Your task:
Leaving the pictures aside, repeat every line below exactly.

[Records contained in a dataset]
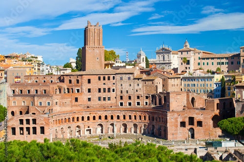 © shinedawn, Obraz premium Ruins of Mercati di Traiano, Foro Traiano among many high green trees
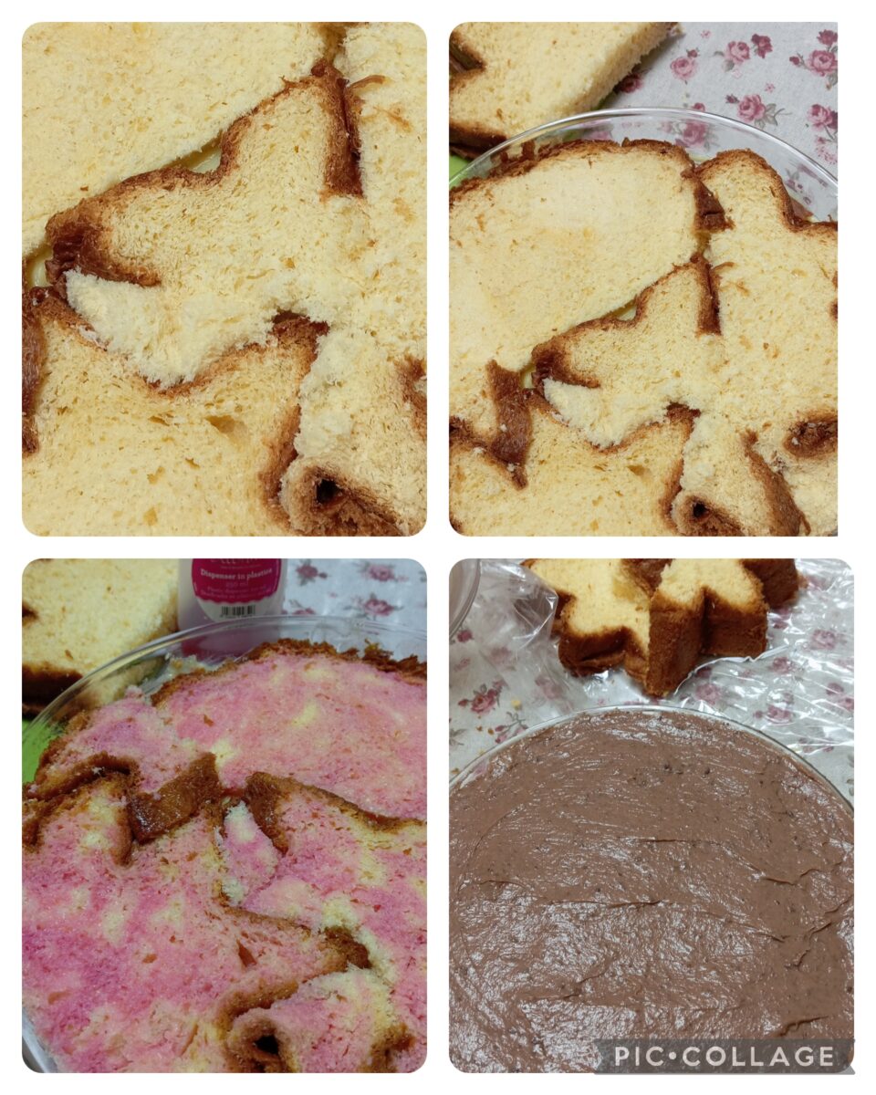 cioccolato , creando così la crema pasticcera al cioccolato. Ora assembla la zuppa inglese. In una bottiglia da bagna versa l’ alchermes e l’ acqua,agita e tieni da parte. Ora taglia il pandoro a fette dallo spessore di circa due dita, sistema le fette nella pirofila coprendo tutti gli spazi vuoti, bagna ora il dolce con il liquore . Mi raccomando deve essere bello imbevuto
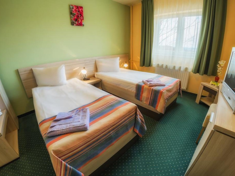 Facilitati Hotel: Hotelul are in dotare 35 de camere din care, dotate cu detectoare de fum si camere de supraveghere. Complexul dispune de parcare permanent supravegheata cu 300 de locuri.
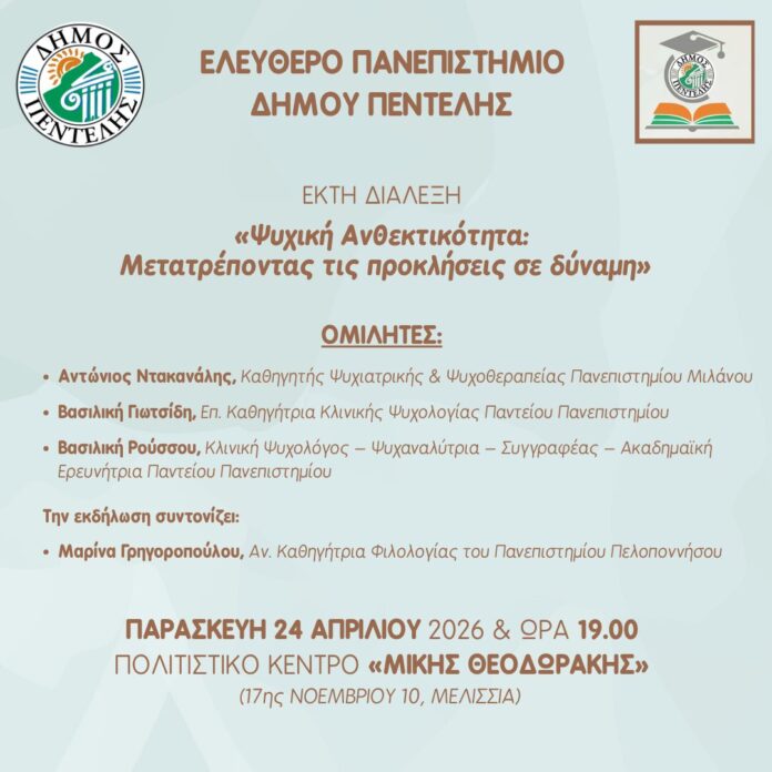 Το Ελεύθερο Πανεπιστήμιο του Δήμου Πεντέλης αφιερώνει την 6η εκδήλωσή του για το ακαδημαϊκό έτος 2025–2026 στη σημασία της ψυχικής ανθεκτικότητας σε έναν κόσμο που μεταβάλλεται διαρκώς.
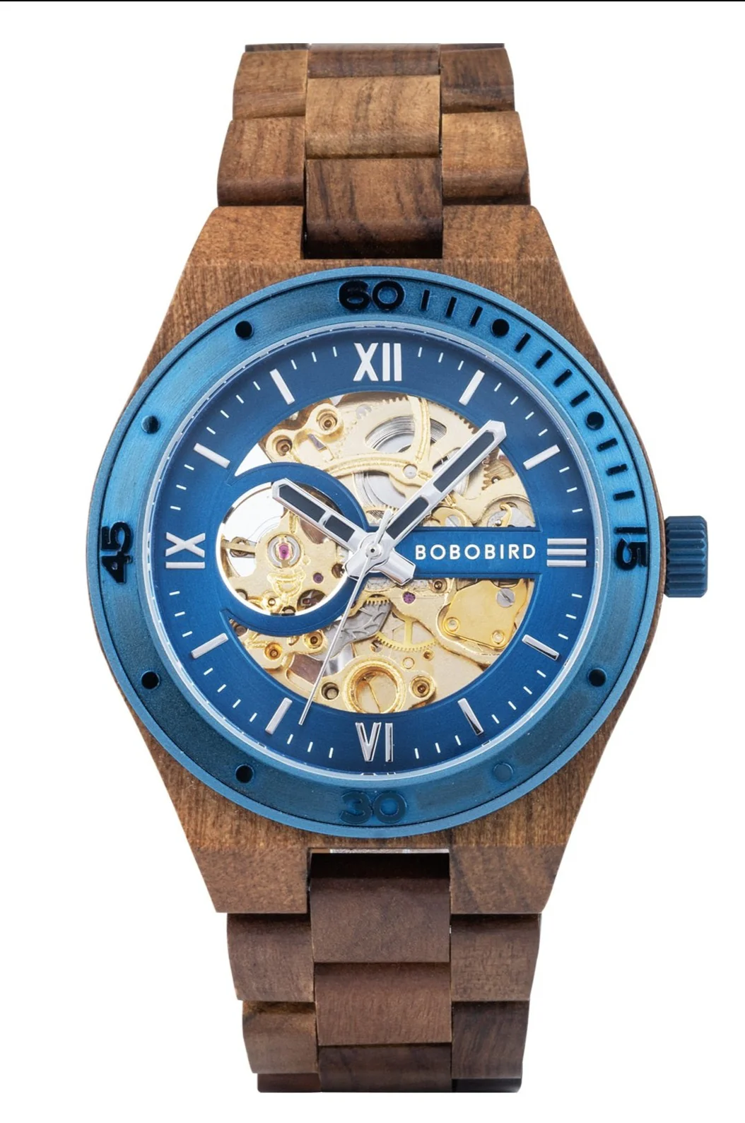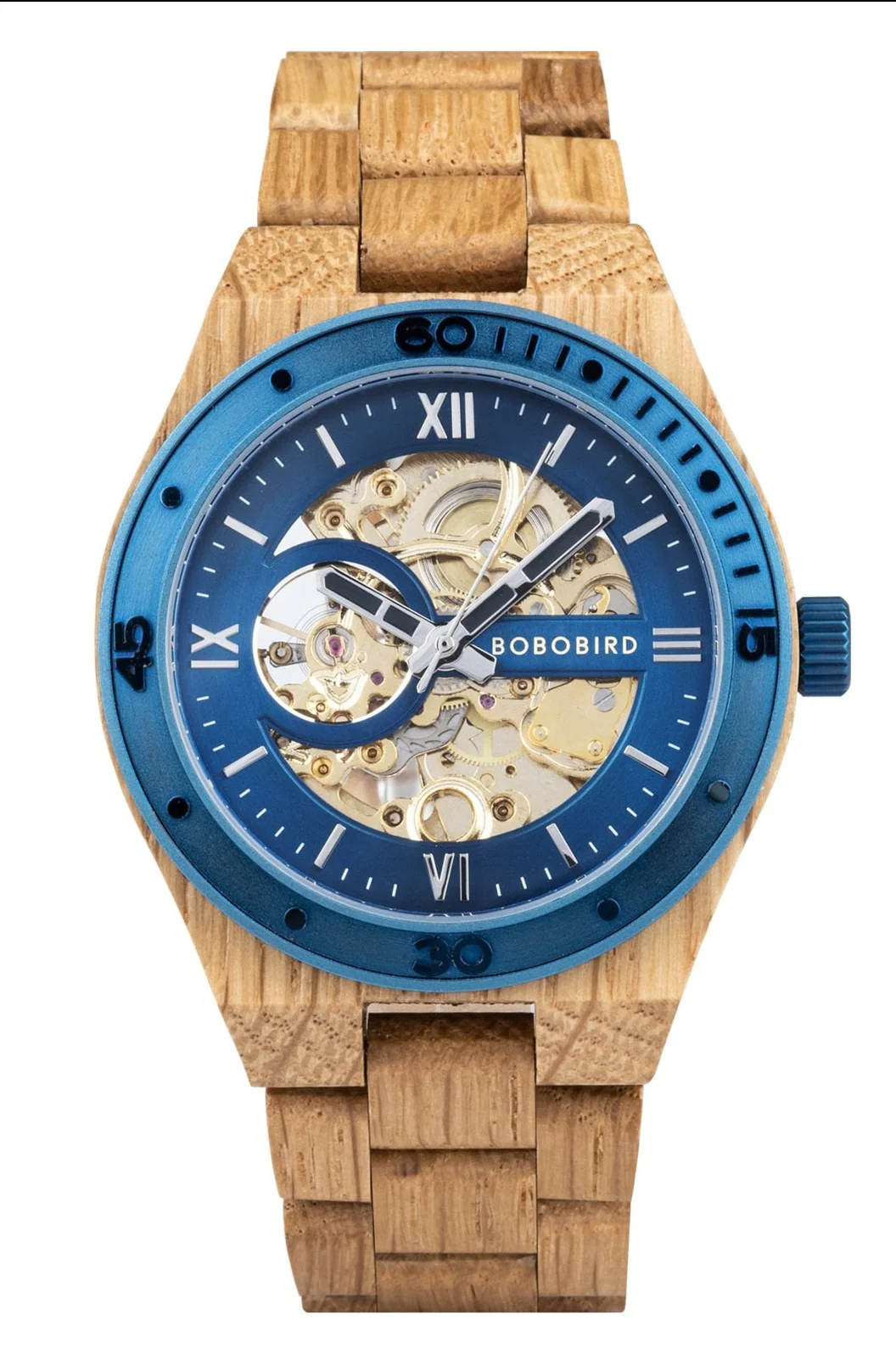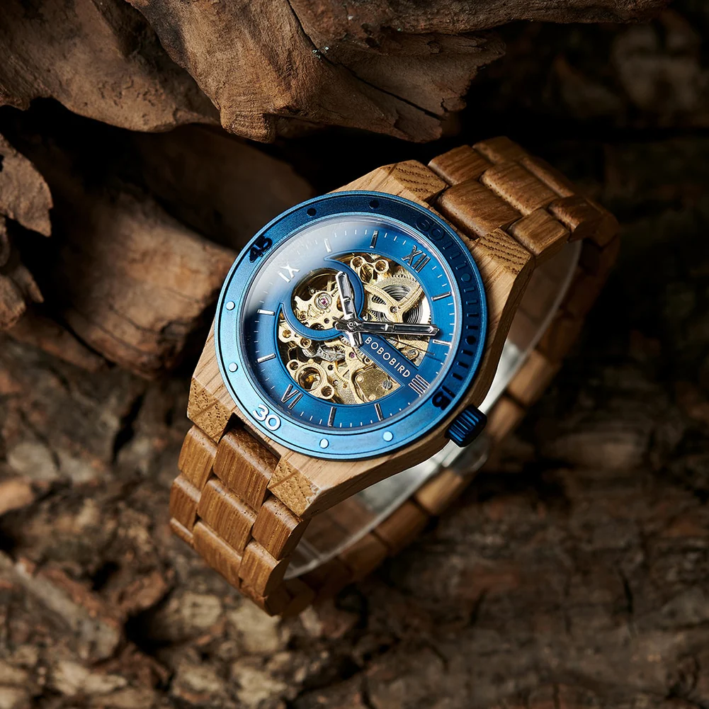 Cette montre apporte son originalité avec sa teinte de bois et son bleu royal, c’est une pièce unique, magnifiquement conçue pour résister dans le temps.

Exercise result:
 © shinedawn, Obraz premium Ruins of Mercati di Traiano, Foro Traiano among many high green trees
 cioccolato , creando così la crema pasticcera al cioccolato. Ora assembla la zuppa inglese. In una bottiglia da bagna versa l’ alchermes e l’ acqua,agita e tieni da parte. Ora taglia il pandoro a fette dallo spessore di circa due dita, sistema le fette nella pirofila coprendo tutti gli spazi vuoti, bagna ora il dolce con il liquore . Mi raccomando deve essere bello imbevuto
 Facilitati Hotel: Hotelul are in dotare 35 de camere din care, dotate cu detectoare de fum si camere de supraveghere. Complexul dispune de parcare permanent supravegheata cu 300 de locuri.
 Το Ελεύθερο Πανεπιστήμιο του Δήμου Πεντέλης αφιερώνει την 6η εκδήλωσή του για το ακαδημαϊκό έτος 2025–2026 στη σημασία της ψυχικής ανθεκτικότητας σε έναν κόσμο που μεταβάλλεται διαρκώς.
 Cette montre apporte son originalité avec sa teinte de bois et son bleu royal, c’est une pièce unique, magnifiquement conçue pour résister dans le temps.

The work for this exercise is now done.